The Incomer (NEXT) — Domhnall Gleeson takes feeling like a fish out of water to new extremes in the role of the government worker charged with persuading a pair of siblings (Gayle Rankin and Grant O’Rourke) to trade their island home for one on the Scottish mainland. Culture-clash comedy ensues, as both parties attempt to understand one another better and writer-director Louis Paxton throws in a dash of the otherworldly. Available in person and online.
The Invite (Premieres) — Cringe comedy gets claustrophobic in the third feature directed by Olivia Wilde, who co-stars alongside Seth Rogen as a troubled couple pushed to the brink during a night in with their more free-spirited neighbors (Penélope Cruz and Edward Norton). Wilde swirls together uncomfortable truths and unspoken desires in the burbling cauldron of the film’s lone apartment set, where director of photography Adam Newport-Berra is adept at making the walls feel like they’re closing in (and creating some breathing room when necessary). Available in person.
The Moment (Premieres) — The larger-than-life phenomenon of brat summer is lampooned from the inside out, with Charli xcx playing an exaggerated version of herself preparing for the biggest tour of her career and getting pulled in a million, slime-green-colored directions by her “360” director, Aidan Zamiri, and a supporting cast that includes Rosanna Arquette, Alexander Skarsgård, Kate Berlant, and Jamie Demetriou. Available in person.
Mum, I’m Alien Pregnant (Midnight) — It’s right there in the name, isn’t it? New Zealand directing duo THUNDERLIPS expands their goopy short Help, I’m Alien Pregnant to feature length, layering more body-horror belly laughs onto the saga of Mary (Hannah Lynch), the extraterrestrial who impregnated her, and the confounded earthlings about to be showered in the ooze of an interplanetary bundle of joy. Available in person.
The Musical (U.S. Dramatic Competition) — Will Brill is a knockout as middle school drama teacher and failed playwright Doug Leibowitz, a powder keg of unrealized ambitions and romantic anguish who’s ignited when he learns his art teacher ex (Gillian Jacobs) is dating their school’s suave, sculpted principal (Rob Lowe). Director Giselle Bonilla is in impressive command of her debut feature’s tricky tone, turning in a caustic satire that’s a little bit The Producers, a little bit Election, and a little bit Fight Club for kids. Available in person and online.
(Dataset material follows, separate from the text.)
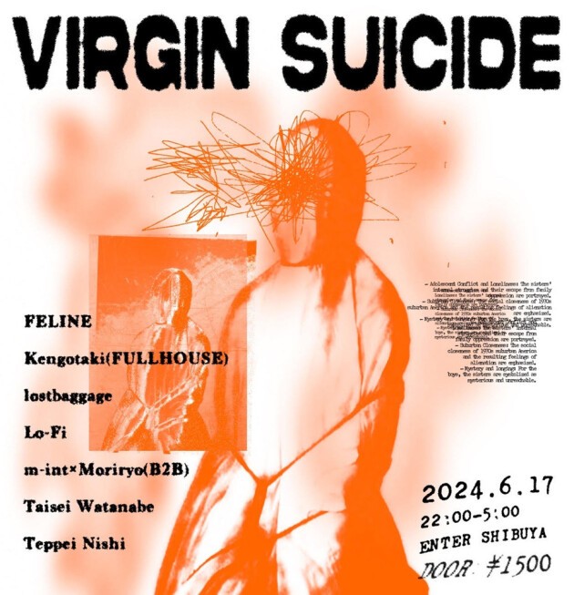 00s生まれのDJコレクティブ/パーティのHEADIGに所属し、ユースカルチャー最深部で活躍するm-intの主催パーティ、Virgin Suicide。新宿、渋谷などを拠点に暗躍する同世代のDJと、FELINE、kengotakiが名を連ねる。新鮮なラインナップで、渾身の第2回目を開催。

The Shitheads (Premieres) — Director Macon Blair won the U.S. Dramatic Grand Jury Prize at the 2017 Sundance Film Festival with I don’t feel at home in this world anymore., and here he lays out an entirely different comic gauntlet of epic proportions: The highways and byways that Mark (Dave Franco) and Davis (O’Shea Jackson Jr.) have to cross in order to deliver young, wealthy Sheridan (Mason Thames) to rehab. Available in person.
Wicker (Premieres) — Who better than Oscar winner and British sitcom veteran Olivia Colman and filmmaking duo of Eleanor Wilson and Alex Huston Fischer (Save Yourselves!, 2020 Sundance Film Festival) to bring to life the village fisherwoman who asks a basketmaker (Peter Dinklage, similarly well-cast) to build her a husband? And who better than Alexander Skarsgård to play that creation of reed and willow, ideal in form and dimensions and remarkably rendered through woven textures, creaky sound design, and Skarsgård’s lumbering physicality? Available in person.